Most of the maglev proposals I looked at back in the day were built as some kind of pier-supported viaduct, the thing the Chinese have so thoroughly evolved for rapid LGV construction. Outside Asia, I don’t think anyone has the stomach for the extensive tunneling and cutting that would be involved closer to grade.

This leaves open the economics of scheduling maglev ‘fast’ segments with more conventional HSR at other times (including HSR’s ability to use legacy last-mile traffic or conventional line segments during construction). There are terrible dangers inherent in maglev collisions where some form of electromagnetic braking fails to be applied correctly.

And yet the Japanese keep at it.

Yeah, it seems as though the Japanese are more adventuresome than we have been, but we have put our marbles all on airways for intercity travel, and highways for everything else. Then, our nationwide distances are generally longer.

Still, DC-NYC on the NEC has shown that trains can be competitive with airplanes on medium-distance routes (given center-city origins and destinations), so it can be argued that some adventure would be warranted. But for HSR or Maglev you’re still talking about dedicated infrastructure, tunneling or viaducts, as WH says. You’d need a lot of demand before the costs could be justified.

I’m curious if the outside swing hanger trucks would have offered an improvement.

The bags would still have been between the bolster and the carbody, not down at the spring plank. An OSH would only add an additional degree of freedom in the secondary suspension, requiring additional transverse damping, although it might permit a design of air bag with much higher lateral stiffness that would still level and have indeterminate spring rate in vertical accommodation and carbody roll.

I was thinking more along the lines of the OSH trucks made in the 1950’s, though the metal springs may give a harsher ride than the air springs used on the Amfleet cars.

Are the coming replacements for the Amfleet cars (whatever they’re called) going to have trucks with better lateral (‘jounce’) control? And the sleeper replacements, too?

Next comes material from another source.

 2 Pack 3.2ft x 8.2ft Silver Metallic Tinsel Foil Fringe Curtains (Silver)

I think all the Siemens single-level stuff uses the same general truck approach, which is PRIIA compliant (to 125mph, tested 10% over). I have not ridden anything with that suspension, but it was my impression that a lot of the lateral wobble and roll induction was taken out of track on the Corridor over the years. Pictures and diagrams I have show long springs for secondary; I don’t know how they implement variable load or tide-height accommodation. I have noted that magnetorheological proportional lateral damping would be very effective (and not too expensive) at controlling the over-center float from big or long air-bag secondary (e.g. for the Mexican rebuilding of Amfleet as needed if they actually start getting to any high peak road speed).

The US built Siemens Venture trainsets are based on Siemens Viaggio Comfort design, which uses SF400 bogies (a trailer bogie with electro-pneumatic disc brakes, 3 per axle).

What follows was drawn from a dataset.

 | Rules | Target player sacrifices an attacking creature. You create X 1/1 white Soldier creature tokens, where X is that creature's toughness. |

For the North American Venture version, Siemens adapted this platform to meet FRA truck-to-carbody attachment requirement, and operational standards.
SF400: https://assets.new.siemens.com/siemens/assets/api/uuid:aa0e2fb5-6a54-4a86-83a5-66c37a356936/mors-b10027-00-datasheet-bogies-sf400-deenus-144_original.pdf
Regards, Volker

Very large flat airbags for vertical. I cannot read from the diagrams provided by Volker how lateral accommodation is damped. Presumably very well.

For damping of lateral and vertical
movements, hydraulic dampers are
installed.

Keep in mind that ‘hydraulic dampers’ may refer to conventional ‘shock absorbers’.